GIVEN RECORDS:
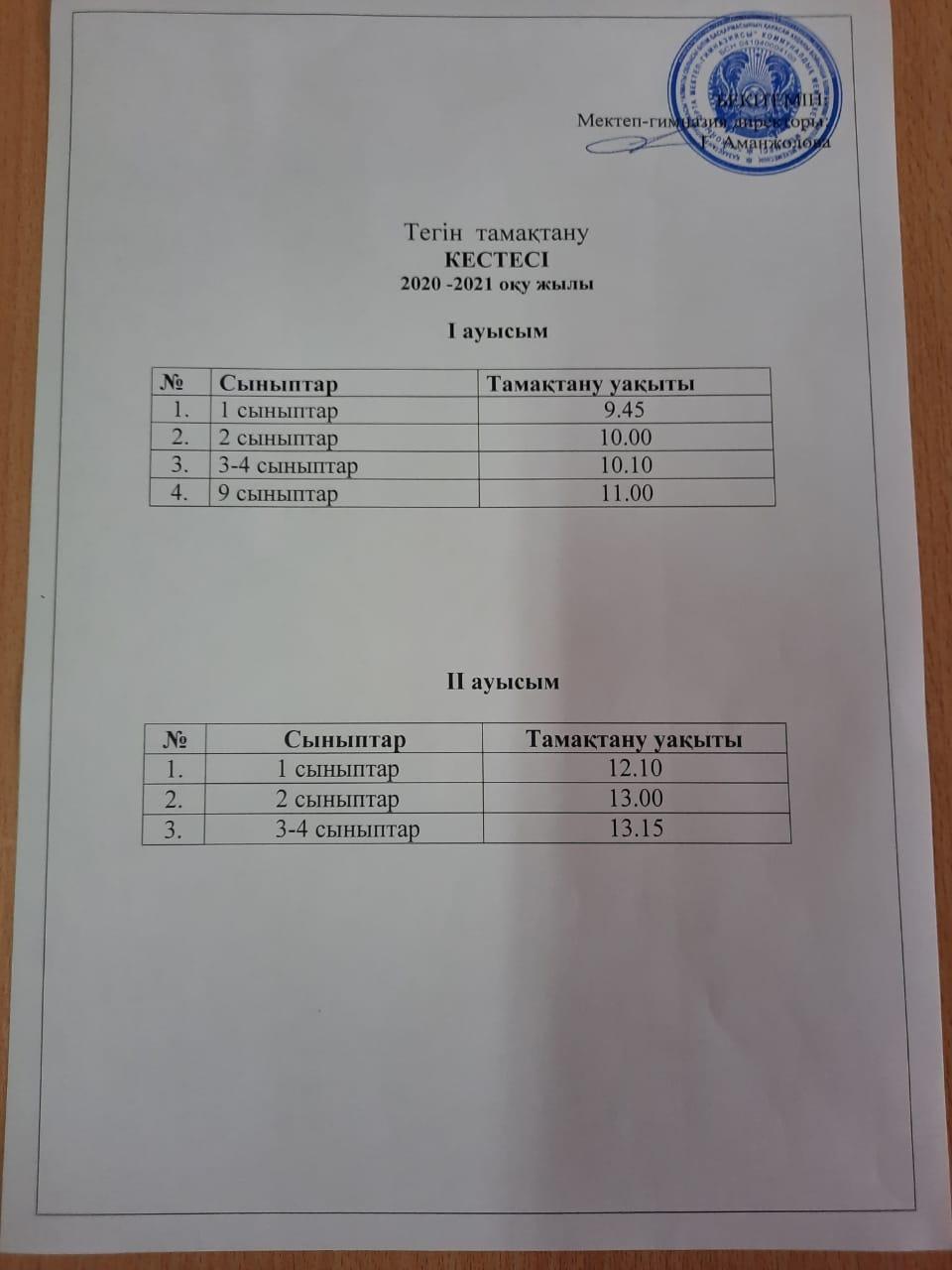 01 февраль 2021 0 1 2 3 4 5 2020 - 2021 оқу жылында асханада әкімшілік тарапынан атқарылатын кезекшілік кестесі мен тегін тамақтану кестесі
==
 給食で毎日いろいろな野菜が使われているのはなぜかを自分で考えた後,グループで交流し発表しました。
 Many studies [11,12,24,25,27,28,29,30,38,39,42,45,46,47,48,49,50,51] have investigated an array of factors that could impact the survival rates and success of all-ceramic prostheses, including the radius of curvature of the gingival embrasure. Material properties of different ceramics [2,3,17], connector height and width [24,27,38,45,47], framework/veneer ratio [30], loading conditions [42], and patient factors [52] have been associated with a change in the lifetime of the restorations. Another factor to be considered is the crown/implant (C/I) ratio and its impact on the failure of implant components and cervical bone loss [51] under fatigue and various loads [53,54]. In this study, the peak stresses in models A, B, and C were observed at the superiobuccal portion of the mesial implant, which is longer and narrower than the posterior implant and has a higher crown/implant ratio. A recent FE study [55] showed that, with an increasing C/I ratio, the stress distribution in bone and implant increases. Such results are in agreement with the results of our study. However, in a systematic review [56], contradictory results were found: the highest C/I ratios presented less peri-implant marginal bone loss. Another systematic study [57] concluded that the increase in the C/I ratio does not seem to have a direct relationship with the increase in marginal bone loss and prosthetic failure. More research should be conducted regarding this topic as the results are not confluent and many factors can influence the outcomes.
* * *
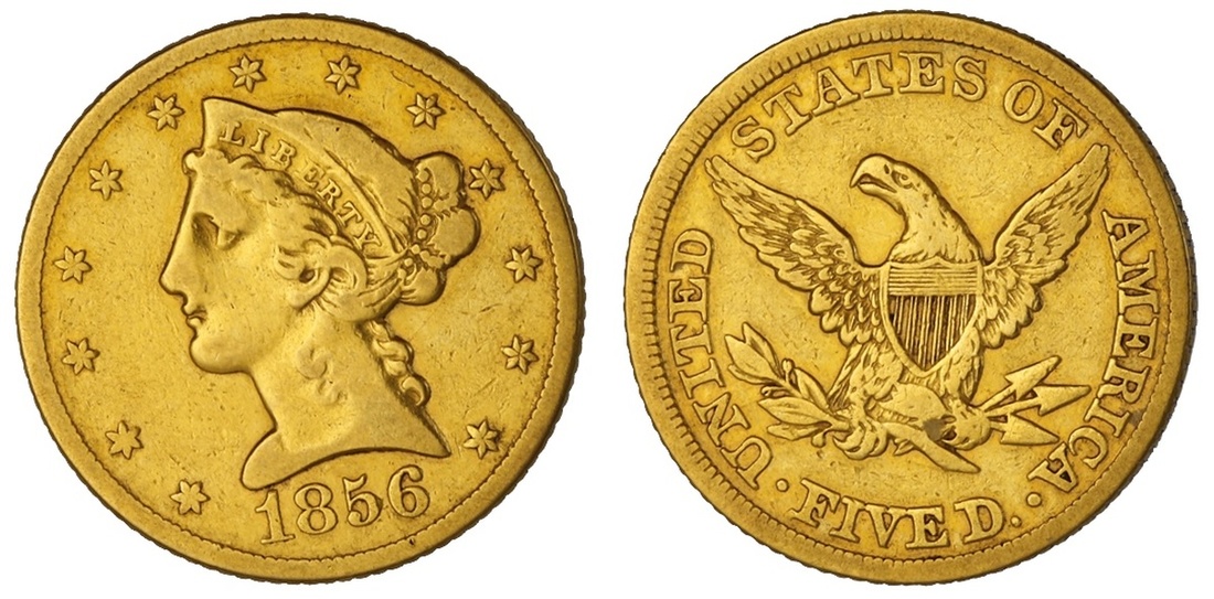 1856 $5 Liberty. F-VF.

ACTIVITY:
Everything above from the line containing "給食で毎日いろいろな野菜が使" through the line containing "influence the outcomes." must be copied exactly. Nothing outside that range belongs in the answer.

ANSWER TO THE PROBLEM:
 給食で毎日いろいろな野菜が使われているのはなぜかを自分で考えた後,グループで交流し発表しました。
 Many studies [11,12,24,25,27,28,29,30,38,39,42,45,46,47,48,49,50,51] have investigated an array of factors that could impact the survival rates and success of all-ceramic prostheses, including the radius of curvature of the gingival embrasure. Material properties of different ceramics [2,3,17], connector height and width [24,27,38,45,47], framework/veneer ratio [30], loading conditions [42], and patient factors [52] have been associated with a change in the lifetime of the restorations. Another factor to be considered is the crown/implant (C/I) ratio and its impact on the failure of implant components and cervical bone loss [51] under fatigue and various loads [53,54]. In this study, the peak stresses in models A, B, and C were observed at the superiobuccal portion of the mesial implant, which is longer and narrower than the posterior implant and has a higher crown/implant ratio. A recent FE study [55] showed that, with an increasing C/I ratio, the stress distribution in bone and implant increases. Such results are in agreement with the results of our study. However, in a systematic review [56], contradictory results were found: the highest C/I ratios presented less peri-implant marginal bone loss. Another systematic study [57] concluded that the increase in the C/I ratio does not seem to have a direct relationship with the increase in marginal bone loss and prosthetic failure. More research should be conducted regarding this topic as the results are not confluent and many factors can influence the outcomes.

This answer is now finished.